Lee Howard wrote:
Linux software RAID maintainers and developers,
Two months ago I wrote to the Linux kernel mailing list regarding a
condition expressed as "BUG: soft lockup - CPU#3 stuck for 61s!".
[...CUT...]
I also have seen this problem, on our new server with Ubuntu karmic
alpha1 with ubuntu kernel 2.6.31-5-server (this is not a stable 2.6.31,
dunno to which release candidate it corresponds exactly) reproducible if
I set high stripe cache size of 1024 or higher, while performing "check"
as you report.
The problem starts with stripe_cache_size around 512 for our mdadm
raid-6 with 26 drives, already gives a noticeable starvation of disk
accesses. The higher you set it, the more reproducible is the problem,
and the longer the starvation time. At 1024 seems already 100%
reproducible and the starvation time seems endless already, I tried up
to 32768. 256 seems safe.
All disk activity on the RAID is completely stuck while performing
check. I mean endless starvation on disk access for high
stripe_cache_sizes. Luckily one can stop the check, lower the
stripe_cache_size, then start the check again.
This is the dmesg error for me while on soft lockup (appearing
periodically on various CPUs.)
[21652.013121] BUG: soft lockup - CPU#5 stuck for 61s! [md1_raid5:1506]

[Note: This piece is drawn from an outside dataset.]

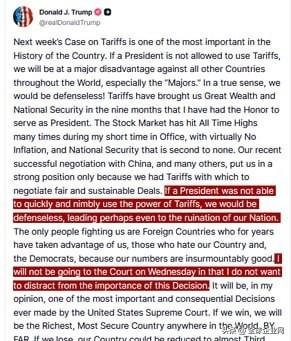 川普:下週關於關稅的案件,是本國歷史上最重要的案件之一。 如果總統不能使用關稅,我們將在與世界各國,特別是「主要國家」的競爭中處於重大劣勢。 在真正意義上,我們將毫無防禦能力! 關稅為我們帶來了巨大的財富和國家安全,這是在我擔任總統的頭幾個月內就實現的成果。 股市創下歷史新高無數次,在我短短任期內幾乎沒有通貨膨脹,並且國家安全達到了世界頂尖水準。 我們最近與中國的談判和許多其他國家的談判之所以能夠強勢進行,就是因為我們擁有關稅這項可以用來談判公平和互惠協議的武器。 如果總統無法迅速而靈活地運用關稅的力量,我們將毫無防禦能力,甚至可能導致國家的毀滅。 目前唯一在反對的,是那些多年來一直佔我們便宜的外國勢力,以及那些憎恨我們成就的民主黨人,因為我們的人數多到他們根本無法戰勝。 我將不會在星期三出庭,因為我不想轉移人們對這項裁決重要性的注意力。 在我看來,這是美國最高法院所作出的最重要、影響最深遠的裁決之一。 如果我們勝訴,美國將繼續是世界上最富有、最安全的國家; 但如果我們敗訴,我國可能會被削弱到只剩「第三世界」的水準—— 向God祈禱,但願這種情況不會發生!

[21652.013130] Modules linked in: xfs exportfs snd_hda_codec_realtek
snd_hda_intel snd_hda_codec snd_pcm snd_timer snd ppdev parport_pc
soundcore parport snd_page_alloc shpchp i5400_edac psmouse edac_core
serio_raw i5k_amb tpm_infineon tpm tpm_bios ohci1394 ieee1394 e1000e
3w_9xxx raid10 raid456 raid6_pqasync_xor async_memcpy async_tx xor raid1
raid0 multipath linear fbcon tileblit font bitblit softcursor i915 drm
i2c_algo_bit video output intel_agp
[21652.013130] CPU 5:
[21652.013130] Modules linked in: xfs exportfs snd_hda_codec_realtek
snd_hda_intel snd_hda_codec snd_pcm snd_timer snd ppdev parport_pc
soundcore parport snd_page_alloc shpchp i5400_edac psmouse edac_core
serio_raw i5k_amb tpm_infineon tpm tpm_bios ohci1394 ieee1394 e1000e
3w_9xxx raid10 raid456 raid6_pqasync_xor async_memcpy async_tx xor raid1
raid0 multipath linear fbcon tileblit font bitblit softcursor i915 drm
i2c_algo_bit video output intel_agp
[21652.013130] Pid: 1506, comm: md1_raid5 Tainted: G W
2.6.31-5-server #24-Ubuntu empty
[21652.013130] RIP: 0010:[<ffffffffa00f32a1>] [<ffffffffa00f32a1>]
raid6_sse24_gen_syndrome+0x161/0x28e [raid6_pq]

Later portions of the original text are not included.